Funny you should ask. I just got some yesterday. It turned out a little "bolder" than I hoped for. Next time I may wrap it the other way so that the red stitching shows but not the red strip.










Also noted:

This stuff is a bit thicker than the soft touch tape, and has a bit of a "rubbery" feel to it than the soft touch. It is great for someone seeking a more comfortable, fatter tape that can be ridden with no gloves. It stays tactile when sweaty.


----------



## dekindy (Jul 7, 2006)

unit said:


> Funny you should ask. I just got some yesterday. It turned out a little "bolder" than I hoped for. Next time I may wrap it the other way so that the red stitching shows but not the red strip.
> 
> 
> 
> ...


Could you please show a side view of the whole bike? I have bare Ti and red decals and the new Shimano road tubeless wheels with red in the decals. I am considering the same tape. Thanks in advance.


----------



## unit (Jun 11, 2008)

dekindy said:


> Could you please show a side view of the whole bike? I have bare Ti and red decals and the new Shimano road tubeless wheels with red in the decals. I am considering the same tape. Thanks in advance.

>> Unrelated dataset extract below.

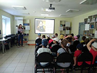 Сотрудники Информационно-досугового центра Жукова Алёна Владимировна и Гуреева Олеся Александровна рассказали об актёрах участвовавших в ВОВ, а также показали отрывки из самых известных советских военных фильмов.
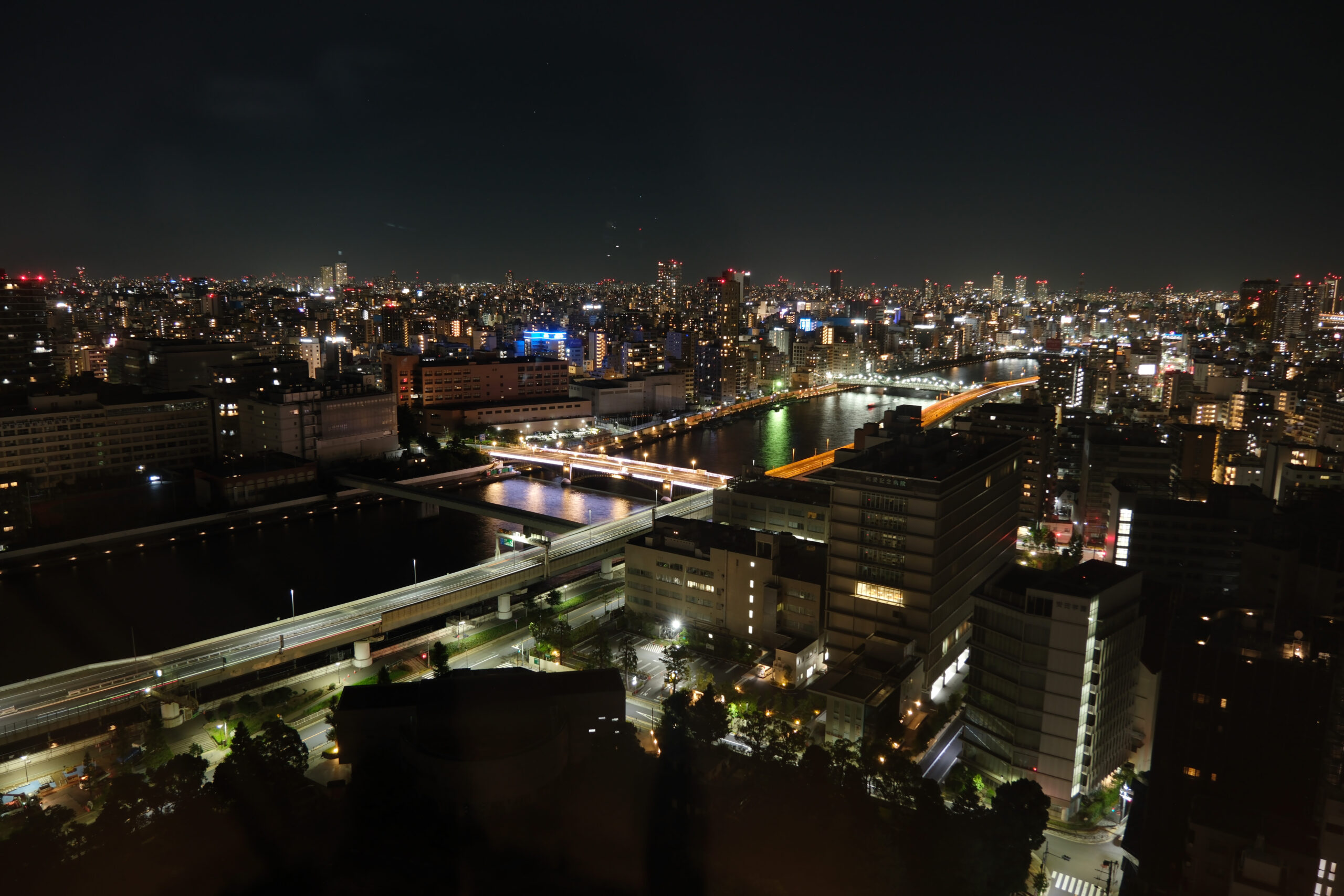 APAホテル両国 2025.12.22 両国国技館の裏手にあるこのホテルからは東京の下町の夜景を一望できます。宿泊される際は高層階への宿泊をお勧めします。下の写真は29階から北西側への眺望です。また、最上階にはレストランがありこちらの利用でも夜景を楽しめます。

ehh...try not to focus too much on the trainer tires, or the poor photo quality, or the bad lighting, or....

It does ride like a dream though...


----------



## dookie (Oct 1, 2007)

does that say 'poop'?


----------



## unit (Jun 11, 2008)

dookie said:


> does that say 'poop'?


Yup. All my bikes do.


----------



## dookie (Oct 1, 2007)

that's hott!


----------



## simplyhankk (Jan 30, 2008)

does anyone know the difference between the regular fizik tape and the "soft touch" tape?


----------



## cxwrench (Nov 9, 2004)

i wrapped a bar today w/ the white, but 'backwards' so the red stripe didn't show. looked great. the red stripe shows just a tiny bit when you wrap around the shifter bodies, but it looked really nice...but i didn't get any photos


----------



## ean10775 (Mar 26, 2008)

cxwrench said:


> i wrapped a bar today w/ the white, but 'backwards' so the red stripe didn't show. looked great. the red stripe shows just a tiny bit when you wrap around the shifter bodies, but it looked really nice...but i didn't get any photos


I too have been thinking about getting some Fizik Dual (black/red) and trying to wrap it backwards so the red stripe didn't show. I'd love to see a photo if you could get one. I like the look of the Bike Ribbon/Stella Azzurra Eleganza tape but prefer the feel/durability of the Microtex.


----------



## MisterMike (Aug 12, 2004)

I was thinking about the dual tape until I saw photos of it. Thanking my lucky stars for that. Got the plain old black version of the Fizik. Sorry all I can think of is candy canes and barber shops when I see it.


----------



## kwikryder (Oct 7, 2010)

ean10775 said:


> I too have been thinking about getting some Fizik Dual (black/red) and trying to wrap it backwards so the red stripe didn't show. I'd love to see a photo if you could get one.


I mocked it up that way with the white/red tape for my in-progress build. ME LIKEY


----------



## Ventruck (Mar 9, 2009)

kwikryder said:


> I mocked it up that way with the white/red tape for my in-progress build. ME LIKEY


Nice (bike and tape).


----------